So now the family have to go to Dalian and negotiate the tricky bureaucratic path of getting his body released and arranging a cremation there. It was always his wish to have his ashes scattered in China and so there is no point in bringing him back to Thailand for a cremation only to have to take his ashes back to China.

We (me and my Thai wife) are in the UK at the moment and will travel to Dalian as soon as we can get a visa ( 48 hours at least, they open on Monday) and meet up with the in laws and arrange the release of the body and the cremation.

We will probably be there for 2 weeks or so and once the hard part of the trip is over we would like to get out and about a bit and have a look around before returning to the UK and so my question is: has anybody been to Dalian and if so, what is there to see there?
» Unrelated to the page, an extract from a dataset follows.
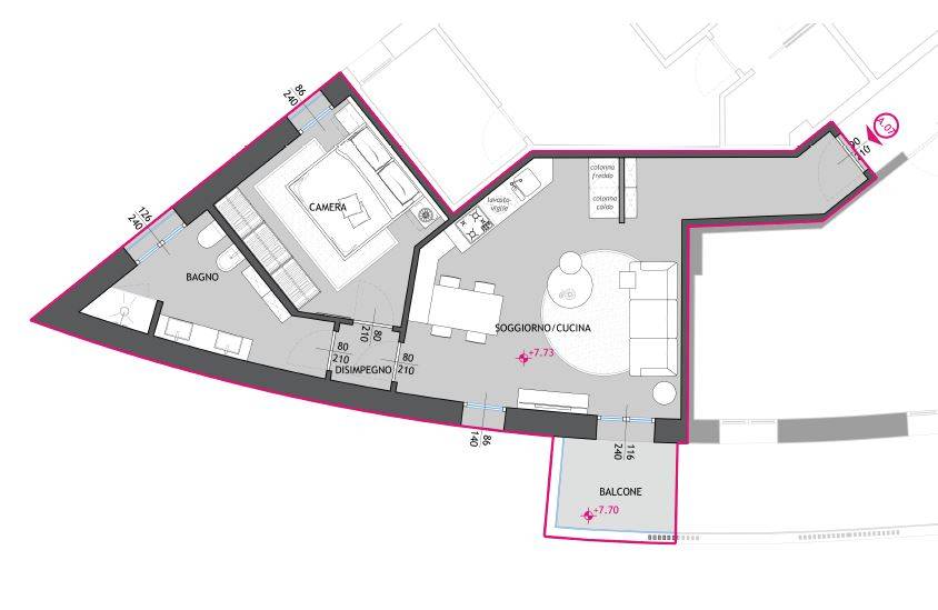 Appartamento A07 - 2: ampio appartamento Bilocale con 5 mq di terrazza privata. Composto da: ingresso, spazioso soggiorno con cucina a vista, disimpegno notte, bagno e una camera da letto matrimoniale.

I see from the map that Dalian is very close to the border with North Korea, dont suppose they do day trips ????

----------


## Chittychangchang

Sorry for your loss, safe travels.

Sounds like an old guy who loved life and lived it to the max.

----------


## Ratchaburi

Tax I was there 10 years ago it is a holiday destination for Chinese people.
No body was able to speak English there even asking for a bottle of water, we had to wait to see some one walk pass the window carrying a bottle of water.
Ordering food you need to look at pictures.
I was there for a exhibition, so did not get to look around.
Condolence for your lose.
I hope thing have changes for the better.

----------


## alwarner

Condolences to your Mrs., Tax.

Sounds like the old boy had a bit of adventurer in him and the story (apart from his death) raised a smile.

----------


## taxexile

Thanks for the kind thoughts.

The old boy certainly did live life to the full, but the consequences of his latest adventure have resulted in his family having a nightmare to sort out over there.

Apparently when a foreigner dies the police get involved and before releasing the body they will need to investigate his death, why I really dont know, he was 90 years old for gods sake.

He was with a distant cousin when he died, this cousin is a relatively poor man with little influence and understandably, does not want to get involved with the police under any circumstances and intends to go AWOL, thereby leaving the family with the job of obtaining release of the body and arranging a cremation. All this in a provincial town in a foreign country. 

The Thai consulate services, normally very good when it comes to helping out Thais abroad, don't want to know seeing as he was not officially a Thai.

Anyway, I expect we will have plenty of time on our hands whilst the officials and bureaucrats shuffle their papers and shrug their shoulders, so back to my question.

Anything to see in and around Dalian?

----------


## Latindancer

Dalian travel guide - Wikitravel

----------


## Dillinger

There looks a fair bit to do there;This looks worth a visit,probably before the funeral.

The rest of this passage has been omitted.